■ EXERCISE DETAILS
Extract the line that contains "BLACK STRAPLESS MAXI DRESS WITH MESH DETAIL" and every line after it to the end of the records below, exactly as written and nothing else.

■ DATASET EXCERPTS
┌────────

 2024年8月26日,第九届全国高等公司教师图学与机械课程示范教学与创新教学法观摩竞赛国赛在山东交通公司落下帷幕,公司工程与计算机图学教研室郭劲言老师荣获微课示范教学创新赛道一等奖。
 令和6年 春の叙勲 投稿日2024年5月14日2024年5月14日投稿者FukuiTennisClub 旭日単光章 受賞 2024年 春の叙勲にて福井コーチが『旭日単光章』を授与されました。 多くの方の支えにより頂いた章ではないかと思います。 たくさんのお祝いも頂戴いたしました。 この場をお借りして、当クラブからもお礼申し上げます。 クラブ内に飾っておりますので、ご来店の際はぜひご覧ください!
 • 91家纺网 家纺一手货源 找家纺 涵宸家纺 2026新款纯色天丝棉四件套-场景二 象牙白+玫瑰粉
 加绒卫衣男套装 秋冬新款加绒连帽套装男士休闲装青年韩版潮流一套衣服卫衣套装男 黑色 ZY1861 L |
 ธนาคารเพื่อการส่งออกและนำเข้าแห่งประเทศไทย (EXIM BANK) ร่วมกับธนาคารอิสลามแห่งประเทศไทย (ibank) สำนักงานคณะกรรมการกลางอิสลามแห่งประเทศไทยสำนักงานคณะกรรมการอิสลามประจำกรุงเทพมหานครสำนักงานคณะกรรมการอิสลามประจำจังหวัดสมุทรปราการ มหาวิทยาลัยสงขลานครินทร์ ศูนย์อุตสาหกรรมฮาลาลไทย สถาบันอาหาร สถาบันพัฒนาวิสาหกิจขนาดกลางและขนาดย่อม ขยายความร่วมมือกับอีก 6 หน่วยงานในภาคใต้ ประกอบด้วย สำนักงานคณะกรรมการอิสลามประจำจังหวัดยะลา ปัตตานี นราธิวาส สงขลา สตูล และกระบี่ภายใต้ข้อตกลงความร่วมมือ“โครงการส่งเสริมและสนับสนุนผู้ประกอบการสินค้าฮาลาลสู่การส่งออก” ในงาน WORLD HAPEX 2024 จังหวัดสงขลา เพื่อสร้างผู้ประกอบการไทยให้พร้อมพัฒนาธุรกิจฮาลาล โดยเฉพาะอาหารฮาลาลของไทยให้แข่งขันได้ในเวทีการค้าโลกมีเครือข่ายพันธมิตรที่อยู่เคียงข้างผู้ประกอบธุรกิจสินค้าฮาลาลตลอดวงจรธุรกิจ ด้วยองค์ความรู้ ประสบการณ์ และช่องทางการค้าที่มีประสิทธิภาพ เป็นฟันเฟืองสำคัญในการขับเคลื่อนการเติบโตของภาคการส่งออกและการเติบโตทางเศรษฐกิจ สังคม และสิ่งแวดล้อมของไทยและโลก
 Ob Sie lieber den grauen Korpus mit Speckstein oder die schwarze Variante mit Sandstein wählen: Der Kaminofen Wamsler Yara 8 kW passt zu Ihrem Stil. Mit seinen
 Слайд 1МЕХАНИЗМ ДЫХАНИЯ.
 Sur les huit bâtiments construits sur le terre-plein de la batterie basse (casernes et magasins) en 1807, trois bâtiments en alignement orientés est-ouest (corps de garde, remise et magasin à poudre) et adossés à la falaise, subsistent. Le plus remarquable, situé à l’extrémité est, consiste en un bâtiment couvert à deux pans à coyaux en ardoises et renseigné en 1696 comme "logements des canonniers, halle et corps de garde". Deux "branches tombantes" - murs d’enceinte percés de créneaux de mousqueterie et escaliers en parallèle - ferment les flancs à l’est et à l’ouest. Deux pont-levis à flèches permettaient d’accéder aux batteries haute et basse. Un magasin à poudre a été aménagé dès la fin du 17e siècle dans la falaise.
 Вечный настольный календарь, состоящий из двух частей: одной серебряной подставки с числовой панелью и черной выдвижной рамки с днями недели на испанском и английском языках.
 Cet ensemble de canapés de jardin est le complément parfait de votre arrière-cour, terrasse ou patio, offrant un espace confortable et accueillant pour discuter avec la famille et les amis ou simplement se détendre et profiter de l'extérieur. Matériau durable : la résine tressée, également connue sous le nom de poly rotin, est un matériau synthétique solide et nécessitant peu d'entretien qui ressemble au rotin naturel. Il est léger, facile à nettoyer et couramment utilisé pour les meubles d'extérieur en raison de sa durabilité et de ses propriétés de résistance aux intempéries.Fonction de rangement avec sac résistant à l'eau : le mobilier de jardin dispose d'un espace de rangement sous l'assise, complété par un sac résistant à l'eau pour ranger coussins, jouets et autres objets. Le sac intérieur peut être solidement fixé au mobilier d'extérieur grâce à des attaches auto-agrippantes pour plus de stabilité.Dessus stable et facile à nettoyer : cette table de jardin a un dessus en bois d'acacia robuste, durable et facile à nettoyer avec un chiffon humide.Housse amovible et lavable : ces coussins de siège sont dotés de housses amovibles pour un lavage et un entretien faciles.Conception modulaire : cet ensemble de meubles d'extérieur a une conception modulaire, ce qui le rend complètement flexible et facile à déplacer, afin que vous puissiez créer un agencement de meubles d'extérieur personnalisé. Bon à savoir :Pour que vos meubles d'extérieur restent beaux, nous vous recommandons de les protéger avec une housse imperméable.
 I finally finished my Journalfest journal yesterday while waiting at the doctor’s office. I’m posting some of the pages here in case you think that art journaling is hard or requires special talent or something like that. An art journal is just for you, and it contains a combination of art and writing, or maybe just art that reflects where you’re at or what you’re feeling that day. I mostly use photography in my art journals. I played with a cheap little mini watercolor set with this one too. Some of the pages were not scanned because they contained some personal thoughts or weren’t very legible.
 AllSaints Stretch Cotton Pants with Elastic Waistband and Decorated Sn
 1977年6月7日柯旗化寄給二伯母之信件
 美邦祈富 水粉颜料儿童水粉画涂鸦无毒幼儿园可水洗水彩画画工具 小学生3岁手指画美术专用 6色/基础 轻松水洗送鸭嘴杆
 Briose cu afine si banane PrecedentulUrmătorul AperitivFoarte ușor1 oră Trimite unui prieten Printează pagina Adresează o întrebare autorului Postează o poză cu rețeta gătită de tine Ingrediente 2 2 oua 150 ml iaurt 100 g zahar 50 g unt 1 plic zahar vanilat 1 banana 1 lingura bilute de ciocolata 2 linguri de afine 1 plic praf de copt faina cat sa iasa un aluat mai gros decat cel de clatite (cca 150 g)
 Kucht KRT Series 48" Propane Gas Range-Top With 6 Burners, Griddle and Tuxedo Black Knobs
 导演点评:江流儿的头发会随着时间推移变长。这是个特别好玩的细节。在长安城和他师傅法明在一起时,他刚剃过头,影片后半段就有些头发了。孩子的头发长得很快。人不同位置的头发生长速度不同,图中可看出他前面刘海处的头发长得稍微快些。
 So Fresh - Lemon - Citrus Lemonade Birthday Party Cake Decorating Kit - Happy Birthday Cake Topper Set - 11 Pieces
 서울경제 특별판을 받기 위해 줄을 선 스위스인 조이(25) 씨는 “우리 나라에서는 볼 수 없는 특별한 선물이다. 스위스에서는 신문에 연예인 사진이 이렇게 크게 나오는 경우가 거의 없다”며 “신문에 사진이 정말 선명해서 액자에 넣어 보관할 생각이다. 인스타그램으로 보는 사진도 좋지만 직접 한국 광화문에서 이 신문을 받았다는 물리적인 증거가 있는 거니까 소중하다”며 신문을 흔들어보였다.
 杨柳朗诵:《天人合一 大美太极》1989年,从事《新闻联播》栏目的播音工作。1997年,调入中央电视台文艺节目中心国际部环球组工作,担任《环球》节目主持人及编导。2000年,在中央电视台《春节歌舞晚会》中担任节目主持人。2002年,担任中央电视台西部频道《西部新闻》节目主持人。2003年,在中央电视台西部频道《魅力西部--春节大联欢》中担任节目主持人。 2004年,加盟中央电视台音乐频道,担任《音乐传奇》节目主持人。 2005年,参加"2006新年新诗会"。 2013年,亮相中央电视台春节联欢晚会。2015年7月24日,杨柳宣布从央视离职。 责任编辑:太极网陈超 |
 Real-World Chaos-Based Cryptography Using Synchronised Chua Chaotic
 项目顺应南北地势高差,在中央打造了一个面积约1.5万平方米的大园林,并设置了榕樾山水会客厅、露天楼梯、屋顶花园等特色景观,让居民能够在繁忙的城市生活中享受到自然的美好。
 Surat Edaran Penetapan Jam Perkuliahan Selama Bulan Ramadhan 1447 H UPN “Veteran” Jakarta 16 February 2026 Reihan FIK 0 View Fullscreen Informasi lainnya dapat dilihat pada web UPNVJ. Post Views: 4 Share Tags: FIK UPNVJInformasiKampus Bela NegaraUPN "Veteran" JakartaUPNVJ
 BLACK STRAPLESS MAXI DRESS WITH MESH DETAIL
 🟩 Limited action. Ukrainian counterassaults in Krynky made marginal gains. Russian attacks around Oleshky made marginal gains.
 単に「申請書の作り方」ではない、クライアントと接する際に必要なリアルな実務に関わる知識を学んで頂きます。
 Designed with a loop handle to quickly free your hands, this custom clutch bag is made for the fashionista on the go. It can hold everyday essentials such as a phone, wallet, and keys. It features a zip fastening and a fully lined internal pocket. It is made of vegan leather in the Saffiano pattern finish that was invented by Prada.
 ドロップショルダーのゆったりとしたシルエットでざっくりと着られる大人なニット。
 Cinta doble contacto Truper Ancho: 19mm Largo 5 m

└────────

■ SOLUTION TO THE PROBLEM
 BLACK STRAPLESS MAXI DRESS WITH MESH DETAIL
 🟩 Limited action. Ukrainian counterassaults in Krynky made marginal gains. Russian attacks around Oleshky made marginal gains.
 単に「申請書の作り方」ではない、クライアントと接する際に必要なリアルな実務に関わる知識を学んで頂きます。
 Designed with a loop handle to quickly free your hands, this custom clutch bag is made for the fashionista on the go. It can hold everyday essentials such as a phone, wallet, and keys. It features a zip fastening and a fully lined internal pocket. It is made of vegan leather in the Saffiano pattern finish that was invented by Prada.
 ドロップショルダーのゆったりとしたシルエットでざっくりと着られる大人なニット。
 Cinta doble contacto Truper Ancho: 19mm Largo 5 m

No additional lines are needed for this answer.